Design and analysis of sustainable chemical process employing dry reforming of methane reaction

Abstract

Recently, as CO$_2$ regulation gets much stricter due to global warming, CO$_2$ conversion has attracting much attention as one of the solutions to reduce CO$_2$ emissions. There are various options of CO$_2$ conversion such as dry reforming of methane, combined reforming and tri-reforming. Especially, Dry reforming of methane (DRM) is one of the promising CO$_2$ conversion reactions because one of its feed, natural gas, is cheap and the high CO$_2$ feed ratio (CH$_4$:CO$_2$=1:1) can lead to large CO$_2$ reduction effect comparing to other reforming. Also, produced H$_2$, CO syngas can be utilized for synthesizing chemical product.

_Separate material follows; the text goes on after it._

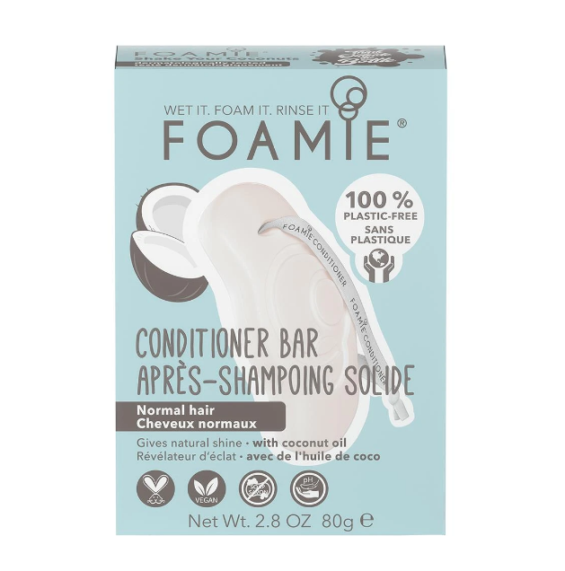 Foamie condicionador sólido em barra é um cuidado capilar premium desenvolvido de acordo com o ph do cabelo e com uma reduzida pegada ecológica.
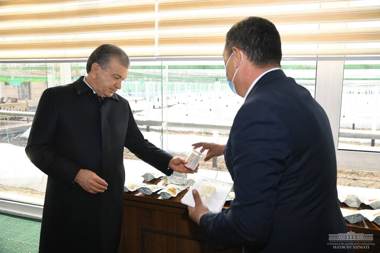 Previously, 20 quintals of cotton and 25 quintals of grain were grown on 6 hectares in the cooperative which was visited by the President. Last year, a vineyard was laid out here and grapes of such varieties as Husayni, Kelin Barmoq and Rizamat were planted. Tomatoes, cucumbers, herbs, peppers and other vegetables are grown between the rows. A drip irrigation system has been introduced.

Although, DRM is promising CO$_2$ conversion reaction and has potential to achieve CO$_2$ reduction, CO$_2$ emission and economic analysis for industrial chemical product synthesis process starting from DRM has not been studied yet and we cannot know whether industrial chemical products synthesis with DRM is feasible or not. Therefore, in this thesis, design and analysis of chemical process based on DRM within the framework of CO$_2$ reduction and economic cost are focused. Two chemical product synthesis processes are analyzed. Fischer-Tropsh process is referred for production of synthetic fuel such as diesel, gasoline, and LPG, and Monsanto process which is the conventional process of acetic acid production is referred for acetic acid. CO$_2$ emission and operating cost of two chemical process based on DRM are calculated with Aspen Plus simulator and reference, then, compared with refinery and conventional process each.